### INSTRUCTIONS TO FOLLOW
Using the data below, print exactly the line with "La tennis en", the line with "وقد استطاع هذا", and every line between them, but none of the pictures.

=== RECORD EXCERPTS ===

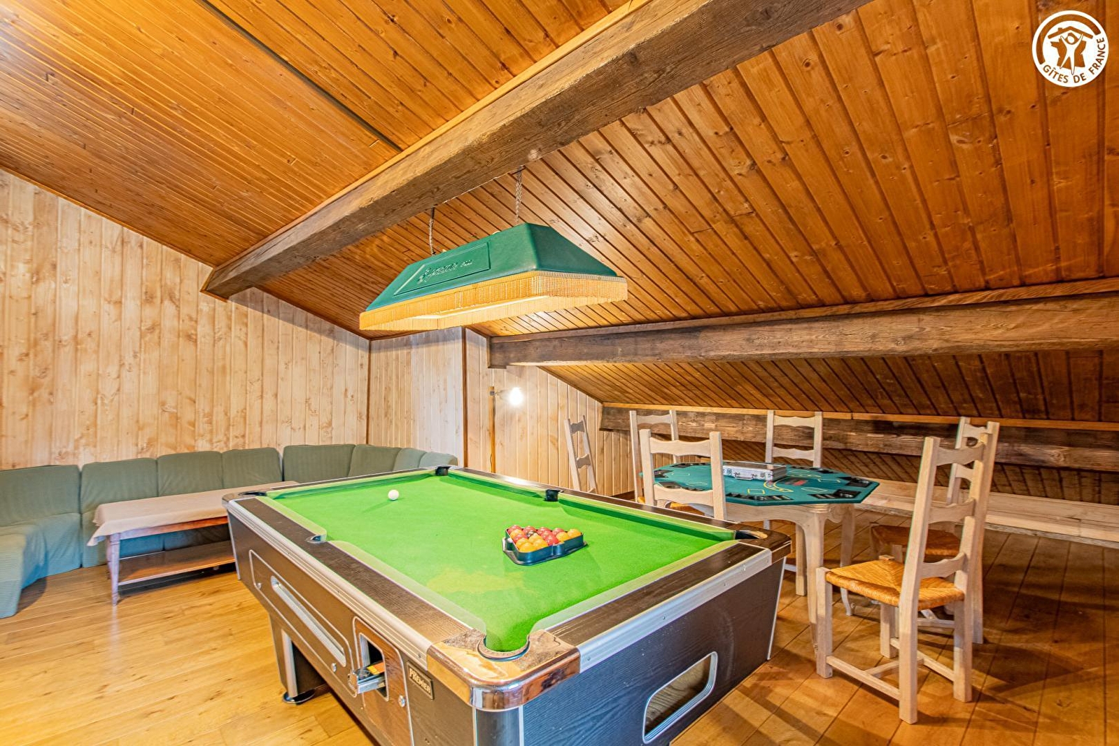 Composition : Maison individuelle. Wifi (fibre). Chauffage PAC. Rdc surélevé (5 marches) : séjour-cuisine-salon (babyfoot), salle d'eau (douche/Wc). 1er étage : 4 chambres (3 avec 2 lits 1 p. 90x190cm / 2 lits 1 p. 90x190cm + 2 lits 1 p. 90x200cm superposés + canapé convertible 2 p. 140x200ccm d'appoint), salon de détente (billard & table poker), sdb (baignoire/Wc). Jardin clos (600m²) + terrasse (abritée en partie) + local vélos + parking privatifs. Petits commerces dont supermarché 7 km. Toutes commodités 11 km.
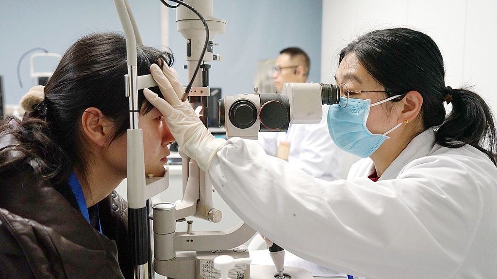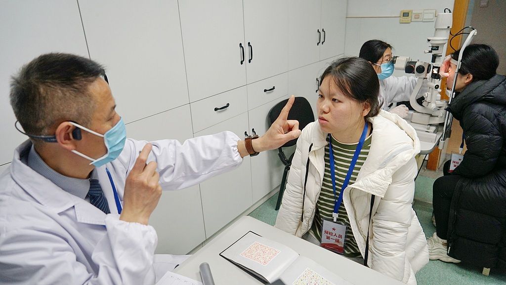 2025年2月21日,浙江嘉兴,海警医院医务人员为适龄应征女青年检查鼻腔。
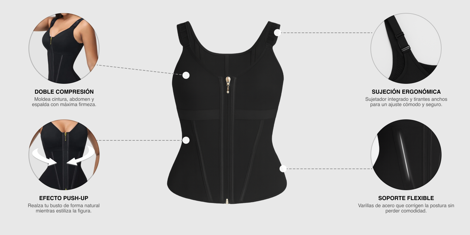 Faja moldeadora de cintura de doble capa con control de abdomen y sujetador
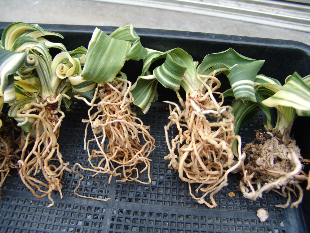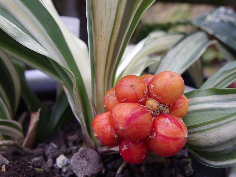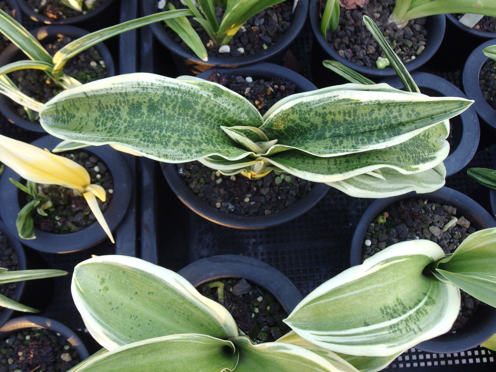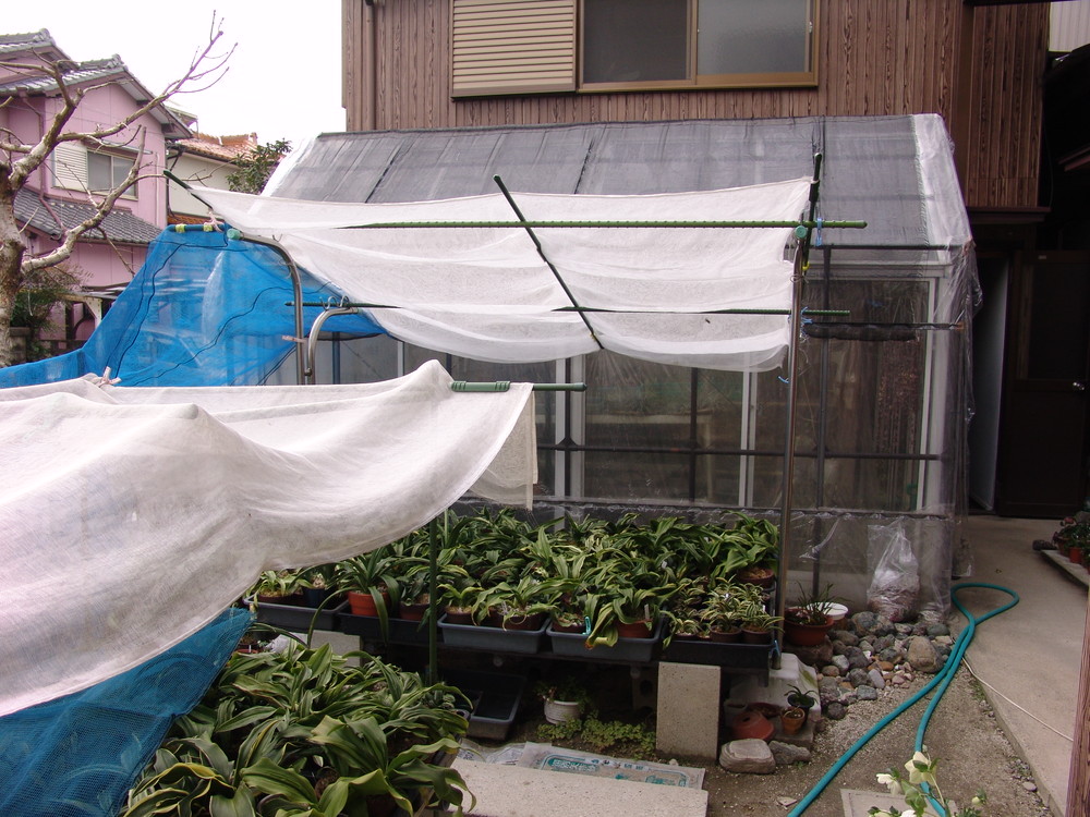 夜間も天窓は開けた状態で管理しています。外の外気温と同じです、温室内は横窓がしめてあるため湿度があります。大葉系統は不織布の下で管理します。葉が垂れないようにするため。垂れたもとは棚の下へ置きます。1月の潅水は温室内では7日を目安にオモト鉢の状態を見ながら行います。外で管理しているオモトは晴天が続くと上渇きするので晴天の日を見て換水します。
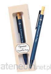 Metalowy, automatyczny długopis DYPLOMAT z nadrukiem BAD BOY z wielkim sercem - jako prezent na różne okazje dla chłopaka, nie tylko na Dzień Chłopaka. Długopis koloru czarnego z wymiennym wkładem typu zenith. Zapakowany w prezentowe etui.
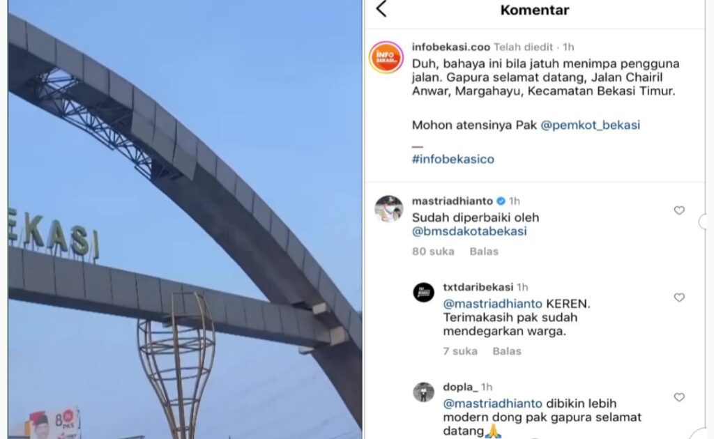 Melalui Medsos Pemkot Kota Bekasi Respon Cepat Kerusakan Gapura Selamat Datang Di Bekasi Timur
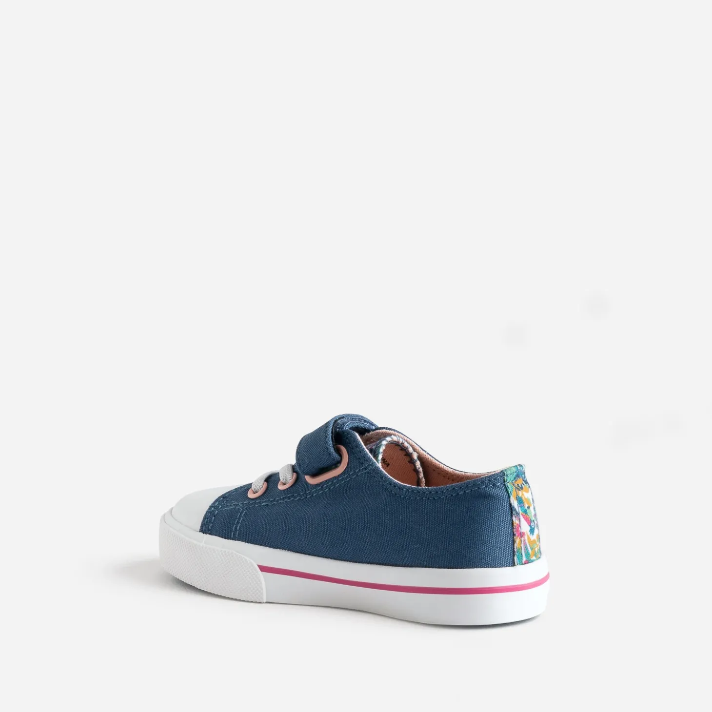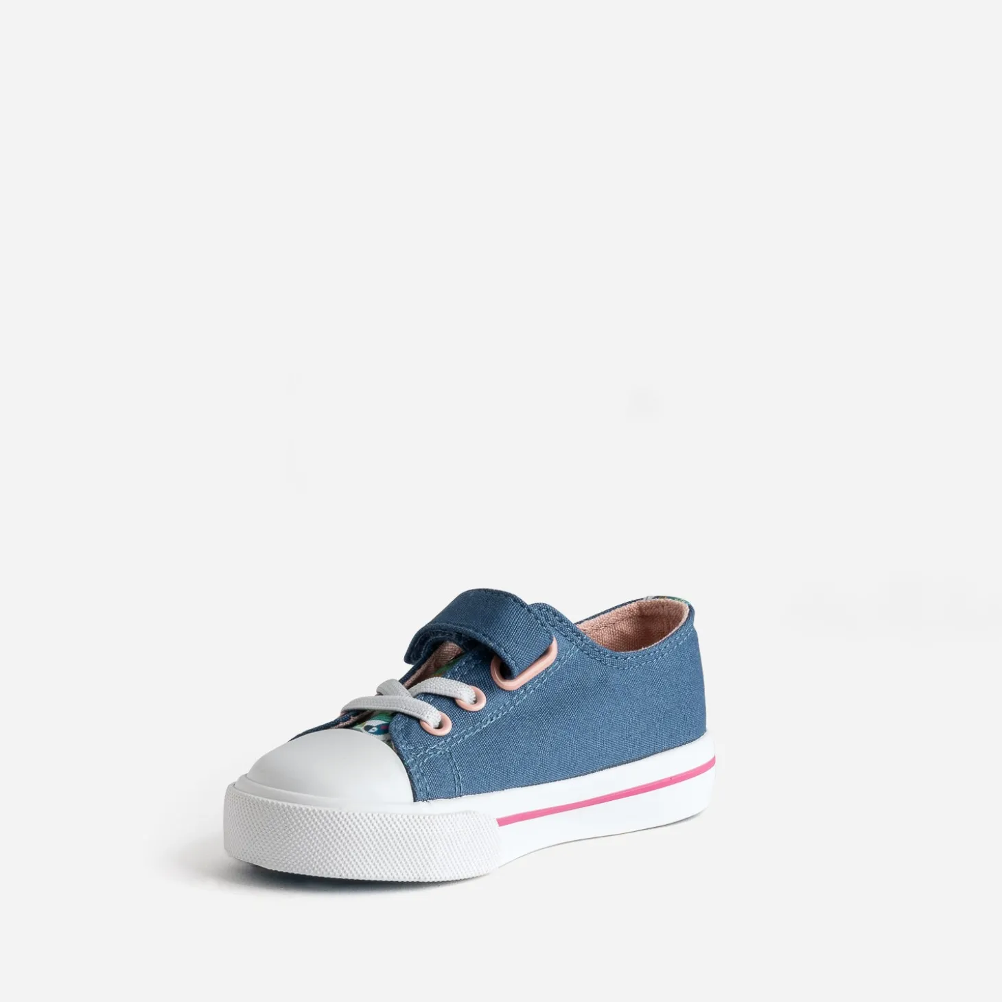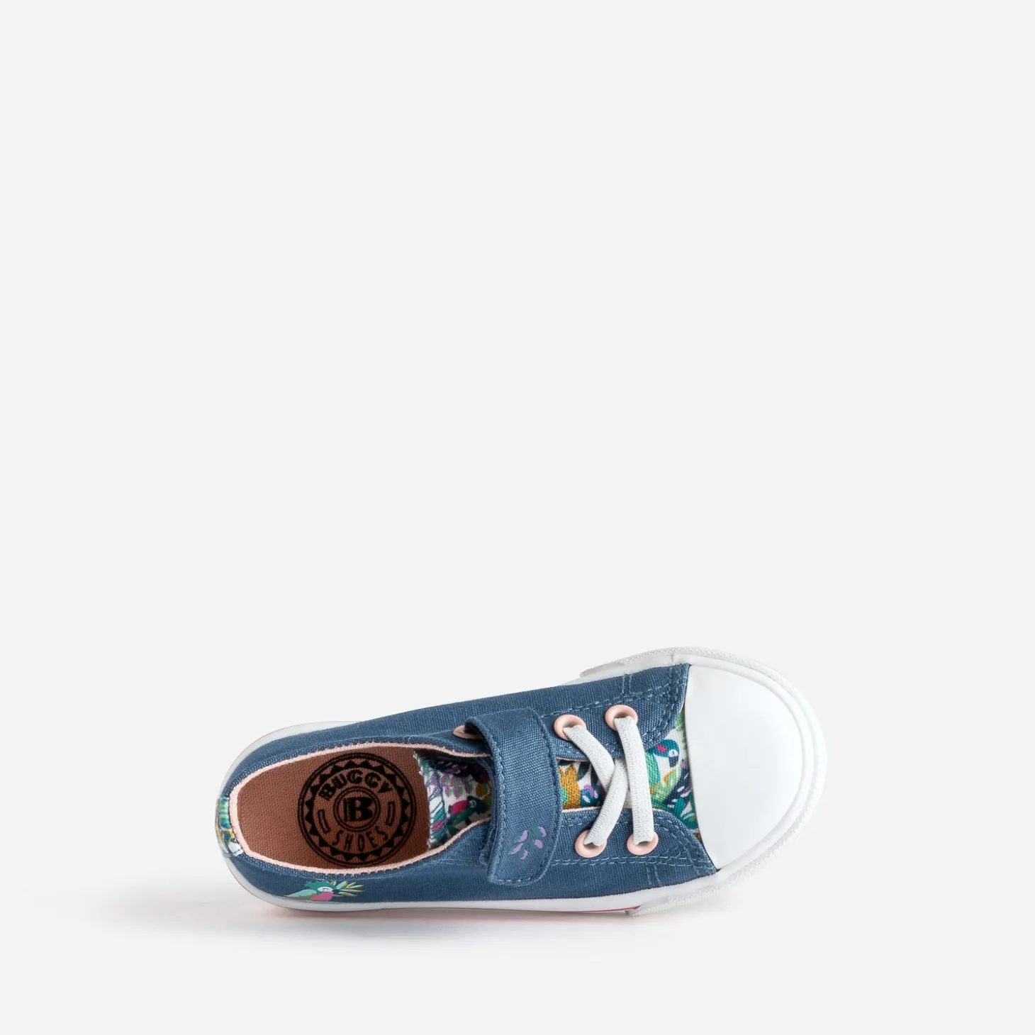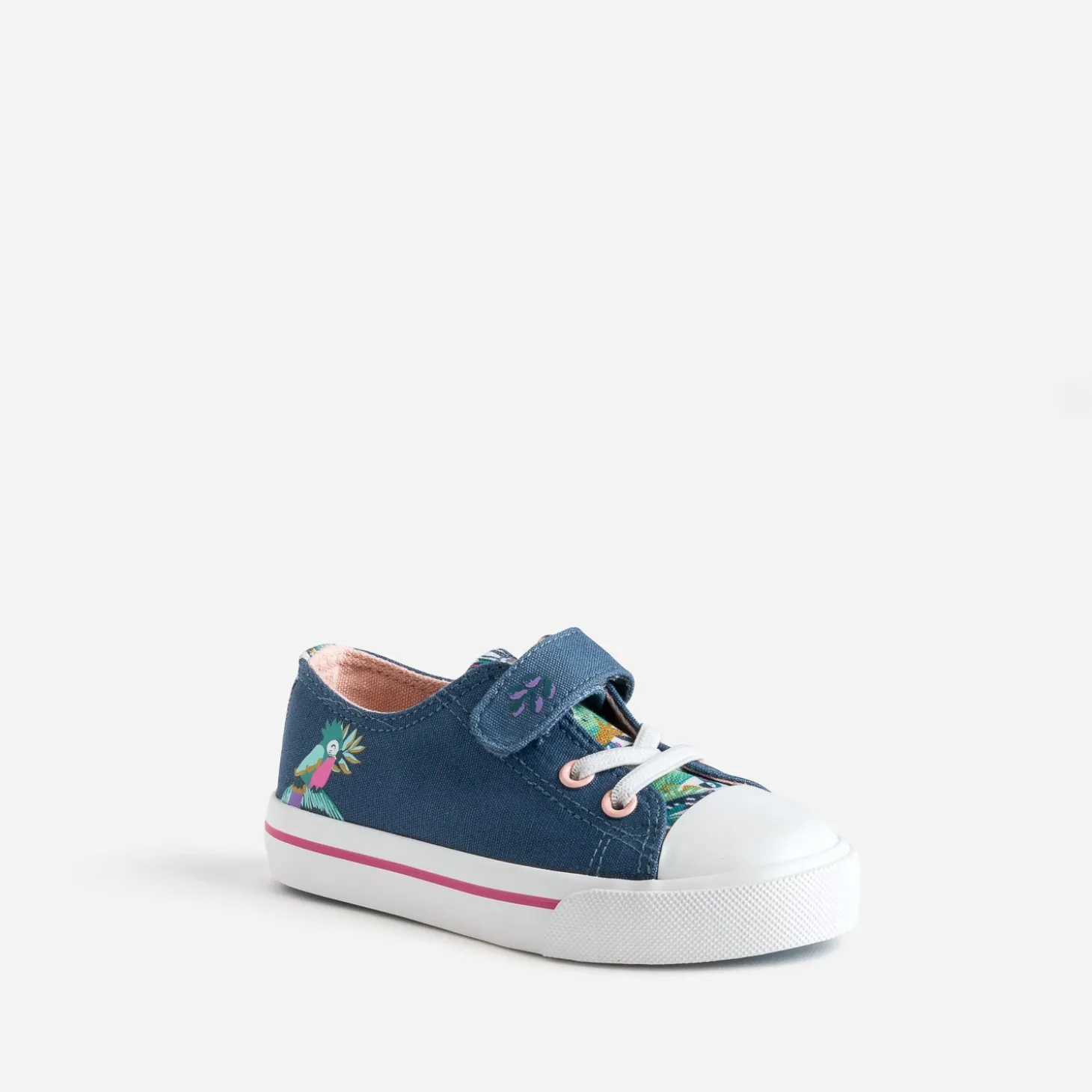 La tennis en toile est un must-have de la saison estivale. Bleue, elle s’anime de perroquets colorés, sur la languette, le côté et le contrefort. La doublure rose clair fait écho aux œillets, et la semelle est rythmée d’une rayure rose foncé. Lacet élastiquée et scratch facilitent l’entrée et la sortie du pied. Imaginez-la avec un total look denim, avec un tee-shirt de couleur rose vif.
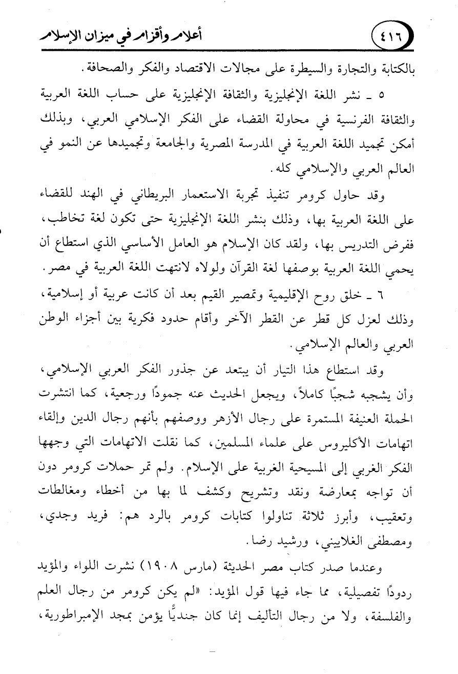 وقد استطاع هذا التيار أن يبتعد عن جذور الفكر العربي الإسلامي، وأن يشجبه شجبًا كاملاً، ويجعل الحديث عنه جمودًا ورجعية، كما انتشرت الحملة العنيفة المستمرة على رجال الأزهر ووصفهم بأنهم رجال الدين وإلقاء اتهامات الأكليروس على علماء المسلمين، كما نقلت الاتهامات التي وجهها الفكر الغربي إلى المسيحية الغربية على الإسلام. ولم تمر حملات كرومر دون أن تواجه بمعارضة ونقد وتشريح وكشف لما بها من أخطاء ومغالطات وتعقيب، وأبرز ثلاثة تناولوا كتابات كرومر بالرد هم: فريد وجدي، ومصطفى الغلاييني، ورشيد رضا.
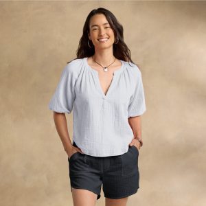 Lace and eyelet patchwork details create a melody of beauty on our oh so feminine relaxed fit top with ruching at the front yoke. collar with henley placket and shirttail hem. Cotton/Other Fiber. Hand wash. Imported. Exclusive. Sizes XS (0–2). S (4–6). M (8–10). L (12–14). XL (16–18). XXL (20–22). Approx. 26.5l.
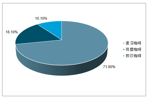 目前,从我国咖啡行业目前的竞争格局来看,速溶咖啡依然占据中国咖啡市场,市场占比高达71.8%;现磨咖啡位居第二,市场占比约为18.1%,即饮咖啡位居第三,市场占比约为10.1%。

===

### TASK RESULT
 La tennis en toile est un must-have de la saison estivale. Bleue, elle s’anime de perroquets colorés, sur la languette, le côté et le contrefort. La doublure rose clair fait écho aux œillets, et la semelle est rythmée d’une rayure rose foncé. Lacet élastiquée et scratch facilitent l’entrée et la sortie du pied. Imaginez-la avec un total look denim, avec un tee-shirt de couleur rose vif.
 وقد استطاع هذا التيار أن يبتعد عن جذور الفكر العربي الإسلامي، وأن يشجبه شجبًا كاملاً، ويجعل الحديث عنه جمودًا ورجعية، كما انتشرت الحملة العنيفة المستمرة على رجال الأزهر ووصفهم بأنهم رجال الدين وإلقاء اتهامات الأكليروس على علماء المسلمين، كما نقلت الاتهامات التي وجهها الفكر الغربي إلى المسيحية الغربية على الإسلام. ولم تمر حملات كرومر دون أن تواجه بمعارضة ونقد وتشريح وكشف لما بها من أخطاء ومغالطات وتعقيب، وأبرز ثلاثة تناولوا كتابات كرومر بالرد هم: فريد وجدي، ومصطفى الغلاييني، ورشيد رضا.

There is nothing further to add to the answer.